## Your objective:
Taking the data below, please print only the lines from the line holding "綠色PPP項目投資規(guī" to the line holding "Il modulo OPT-RX", inclusive, with pictures omitted.

## Source records:
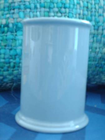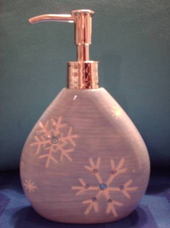 Blue with white snowflake round soap dish, $5.00. Blue with white snowflakes oval soap dispenser, $6.00. Blue with white snowflakes round soap dispenser, $6.00. Blue cup, $3.00. Blue Laura Ashley...
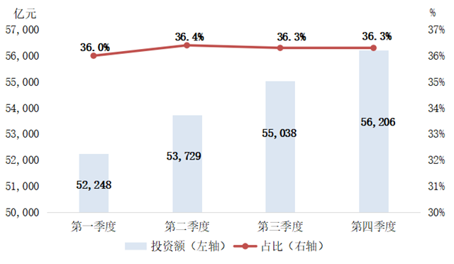 綠色PPP項目投資規(guī)模持續(xù)擴大,投資額占比保持穩(wěn)定。從綠色PPP項目投資額變化看,截至2020年末,綠色PPP項目總投資額增至56206億元,較2019年末新增4532億元,增長8.77%;投資額占比保持穩(wěn)定,截至2020年末,綠色PPP投資額占比達36.3%。
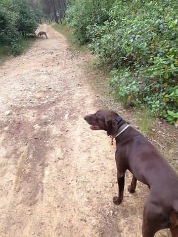 Chaque matin, avant d'enchaîner le travail c'est balades individuelles. Pour une fois Sham est sortit avant delta avec mon cheri(delta a tendance à aboyer si Sham sort sans elle). Ensuite je prends Delta sans avoir à l'esprit qu'une partie du chemin de notre balade est emprunté par Sham.
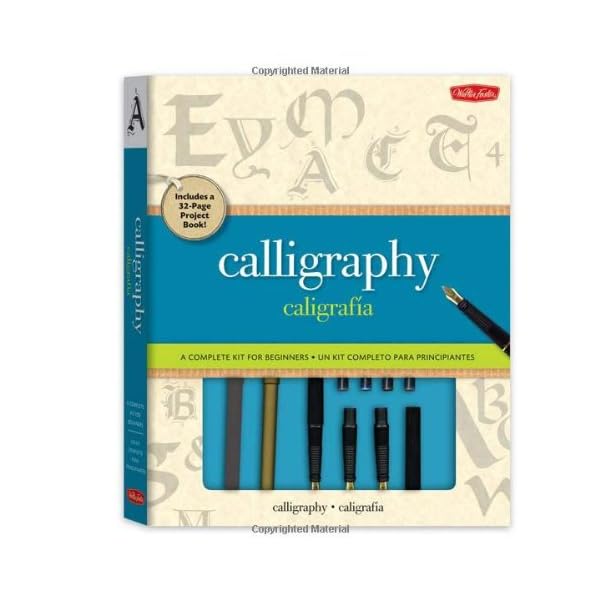 This complete kit makes it easy to start out exploring the exciting art type of calligraphy because it comes with the whole thing a beginning artist needs—from a set of fine quality materials to comprehensive instructions. The lettering book covers the basics—such as pen styles, angles, and hand positions; letter heights and spacing; and practice strokes—before offering advanced techniques for rendering a few calligraphic alphabets. And each lesson can also be accomplished with the array of writing materials provided. The hardcover case features a 40-page paperback book with corresponding Spanish instruction, a cartridge calligraphy pen, 3 pen nibs, 10 ink cartridges, 3 felt-tip calligraphy markers, calligraphy paper, a guideline sheet, and paper.
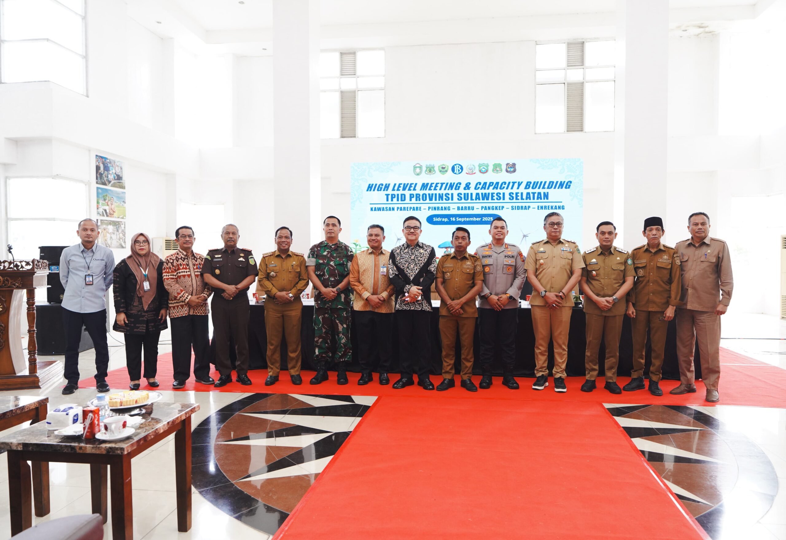 SIDRAP,PO – Sekretaris Daerah Provinsi Sulawesi Selatan, Jufri Rahman, memimpin High Level Meeting (HLM) Tim Pengendalian Inflasi Daerah (TPID) Zona 3 Sulsel yang mencakup Sidrap, Parepare, Pinrang, Barru, Pangkep, dan Enrekang. Pertemuan berlangsung di Kantor Bupati Sidrap pada Selasa, 16 September 2025.
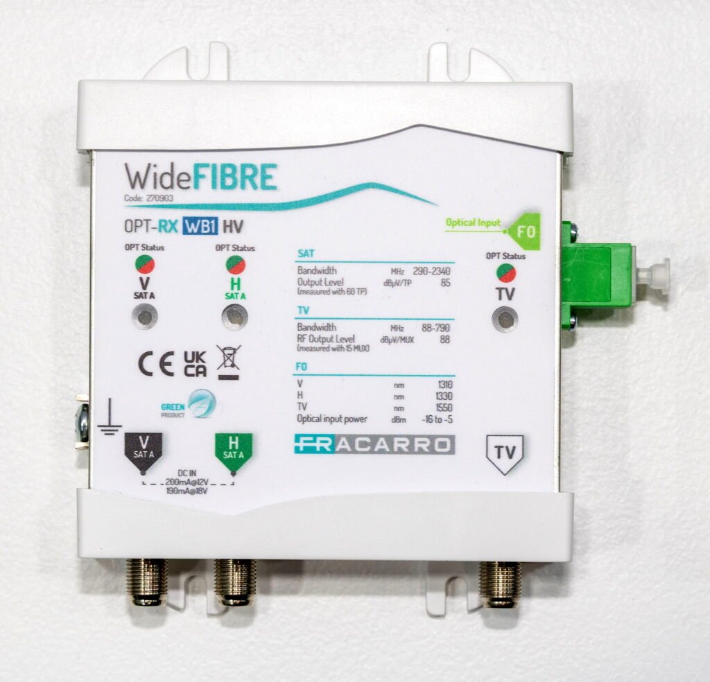 Il modulo OPT-RX WB1 HV converte il segnale ottico proveniente dal trasmettitore OPT-TX WB1 in segnale coassiale. Dispone di tre uscite: due polarità satellitari wideband (V/H) e un’uscita TV terrestre. Integra tre fotodiodi distinti per la gestione separata delle due polarità wideband e del segnale TV.
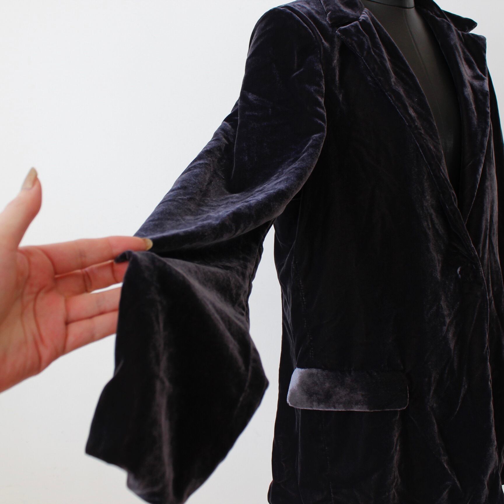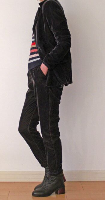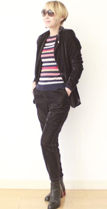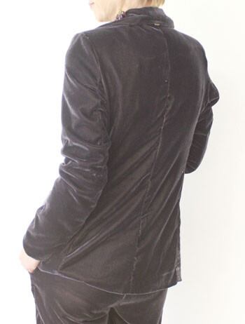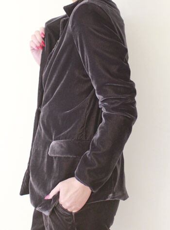 ベロアのリッチな質感と、ジャケットシルエットのゆったりした、落ち感がムードを醸し出してくれるストレッベロアジャケット。
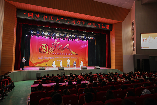 9月25日,由中共河南省委宣传部、河南省总工会、共青团河南省委、河南省妇联共同主办的全省“圆梦中国人”百姓宣讲活动在我校东风校区礼堂举行。中共河南省委宣传部副部长张曼如,共青团河南省委副书记王笃波,郑州轻工业学院党委书记俞海洛、党委副书记马英等出席活动,郑州轻工业学院相关职能部门负责人、青年教职工代表和团员青年学生等1000余人参加活动。

## Answer space:
 綠色PPP項目投資規(guī)模持續(xù)擴大,投資額占比保持穩(wěn)定。從綠色PPP項目投資額變化看,截至2020年末,綠色PPP項目總投資額增至56206億元,較2019年末新增4532億元,增長8.77%;投資額占比保持穩(wěn)定,截至2020年末,綠色PPP投資額占比達36.3%。
 Chaque matin, avant d'enchaîner le travail c'est balades individuelles. Pour une fois Sham est sortit avant delta avec mon cheri(delta a tendance à aboyer si Sham sort sans elle). Ensuite je prends Delta sans avoir à l'esprit qu'une partie du chemin de notre balade est emprunté par Sham.
 This complete kit makes it easy to start out exploring the exciting art type of calligraphy because it comes with the whole thing a beginning artist needs—from a set of fine quality materials to comprehensive instructions. The lettering book covers the basics—such as pen styles, angles, and hand positions; letter heights and spacing; and practice strokes—before offering advanced techniques for rendering a few calligraphic alphabets. And each lesson can also be accomplished with the array of writing materials provided. The hardcover case features a 40-page paperback book with corresponding Spanish instruction, a cartridge calligraphy pen, 3 pen nibs, 10 ink cartridges, 3 felt-tip calligraphy markers, calligraphy paper, a guideline sheet, and paper.
 SIDRAP,PO – Sekretaris Daerah Provinsi Sulawesi Selatan, Jufri Rahman, memimpin High Level Meeting (HLM) Tim Pengendalian Inflasi Daerah (TPID) Zona 3 Sulsel yang mencakup Sidrap, Parepare, Pinrang, Barru, Pangkep, dan Enrekang. Pertemuan berlangsung di Kantor Bupati Sidrap pada Selasa, 16 September 2025.
 Il modulo OPT-RX WB1 HV converte il segnale ottico proveniente dal trasmettitore OPT-TX WB1 in segnale coassiale. Dispone di tre uscite: due polarità satellitari wideband (V/H) e un’uscita TV terrestre. Integra tre fotodiodi distinti per la gestione separata delle due polarità wideband e del segnale TV.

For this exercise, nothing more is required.